Rozdział 56

1.1K 41 10
                                    


- Puszczaj mnie. — Wywarczałam, wyrywając się z jego uścisku.

- Musimy porozmawiać. — Powiedział, nieugięty.

- Nie mam zamiaru z tobą rozmawiać, Nathanielu. Nie po tym wszystkim.

- Przypominam ci, że należysz do mnie. Jesteś moja czy ci się to podoba, czy też nie. — Również warknął, skanując moją twarz.

Nigdy wcześniej dla mnie taki nie był, co również potęgowało mój strach.

- Nie jestem twoja. — Zaśmiałam się gorzko. — Nie jestem i nigdy twoja nie będę. To mój ojciec namieszał, więc niech on poniesie za to konsekwencje. Ja na nic się nie zgadzałam!

- Podpisał dokument. Mogę zrobić z tobą wszystko, co żywnie mi się podoba. — Odparł nie opuszczając ze mnie wzroku.

Nie poznawałam go.

- Jesteś śmieszny. — Pokręciłam głową z próbą odejścia.

- Powiedziałem, że porozmawiamy i tak będzie, Camillo. — Syknął, boląco łapiąc mnie za nadgarstek.

- Co, teraz bawisz się w damskiego boksera? — Zaśmiałam się, nie odrywając wzroku od jego czarnych tęczówek. — No dalej, uderz mnie. Zrób to. — Zachęcałam go, lecz ten ani drgnął. — Co, nagle nic już nie powiesz? No dalej, zrób to. Zrób to, co wszyscy robili ze mną do tej pory. W końcu jestem workiem treningowym.

- Nie mów tak. — Wysyczał przez zaciśnięte żeby. — Nigdy więcej tak na siebie nie mów, Camillo.

- A nie mówię prawdy? Patrz, co teraz robisz. — Uniosłam dłoń, na której zaciskały się jego palce.

Ten panicznie rozluźnił swój nacisk i spojrzał ponownie w moje oczy.

- Nie mam nic więcej do powiedzenia. — Powiedziałam, ale ten mnie do siebie pociągnął, zarzucając moje ciało na swój bark.

- Puszczaj mnie, psycholu! — Krzyczałam, wierzgając się. — Jeżeli w tym momencie nie postawisz mnie na ziemię, przysięgam, że gorzko tego pożałujesz. — Zacisnęłam dłonie w pięści, uderzając w jego plecy, ale ten niewzruszony szedł dalej. Przed siebie.
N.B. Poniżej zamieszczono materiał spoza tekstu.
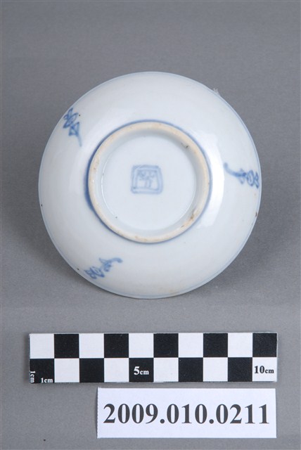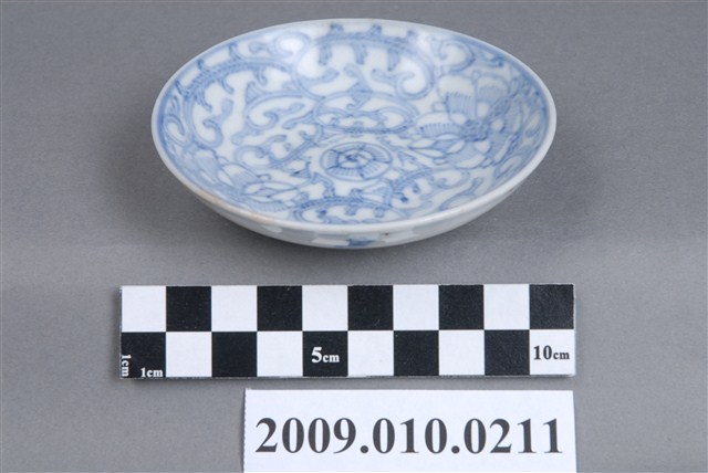 小圓碟,用於盛裝醬料。胎質細緻,屬於瓷質。轆轤拉坯法製作,平底,圓腹,圓唇,低圈足。全器以釉下彩繪裝飾,器底近圈足外部與口沿各畫有一道青花線,圈足內有正方形青花「芳」字款,為中國的產品,但產地與窯場不明。器壁外以青花寫上類似草書的文字,但無法識別。器體內部手繪由楕圓形、曲線與短直線構成的青花纏枝花卉紋,紋飾具有抽象性。畫工技術熟練,繪畫線條流輰,畫面十分繁密。

Kiedy poczułam jak jego dłoń, delikatnie uderzyła mój pośladek myślałam, że się zagotuje.

- Spierdalaj z tymi łapami zboczeńcu. Ratunku! — Krzyczałam.

- Krzycz sobie dowoli, Camillo, lecz radził bym, abyś oszczędzała głosu na później, przyda ci się. — Prychnął, a ja zaczęłam jeszcze bardziej się wyrywać.

Nie chciałam tego.

Bałam się, że coś mi zrobi.

Cholernie się tego bałam.

Moje ciało zaczęło drżeć, a łzy stanęły w moich oczach.

Kiedy doszliśmy do jego auta, zapiął mnie pasami i zamknął auto od środka.

Brałam głębokie wdechy, aby się uspokoić, a silny ból brzucha, który przyszył moje podbrzusze był niedopisania.

- Co się dzieje? — Zapytał, kiedy z moich oczu popłynęły łzy.

Złapałam się za brzuch, odchylając głowę do przodu.

- Spokojnie Camillo, przecież dobrze wiesz, że ze mną nic ci nie grozi. Nic ci nie zrobię. — Powiedział spokojnie, lecz mnie ani trochę to nie uspokoiło. — Bierz głębokie wdechy. — Poinstruował mnie, jakbym wcale tego nie robiła.

Przymknęłam powieki, biorąc trzy głębokie oddechy, lecz ból coraz bardziej nasilał się w moim brzuchu.

- Boli cię coś? — Zapytał, najprawdopodobniej domyślając się, że coś jest nie tak.

- Brzuch. — Wydukałam, pomiędzy oddechami.

Chłopak nic więcej nie powiedział, a przekręcił kluczyk w stacyjce i ruszył w nieznanym mi kierunku.

Po kilku minutach ujrzałam duży, biały budynek.

Mężczyzna wziął mnie na ręce w stylu panny młodej i wbiegł ze mną do szpitala.

***

Leżałam tępo patrząc się w sufit.

W badaniach wszystko wyszło w porządku.

Lekarze kazali ograniczyć mi stres do minimum.

Czekając aż skończy mi się kroplówka, poprosiłam aby pielęgniarka nie wpuszczała do środka Nathaniela, który przez ten cały czas siedział na korytarzu.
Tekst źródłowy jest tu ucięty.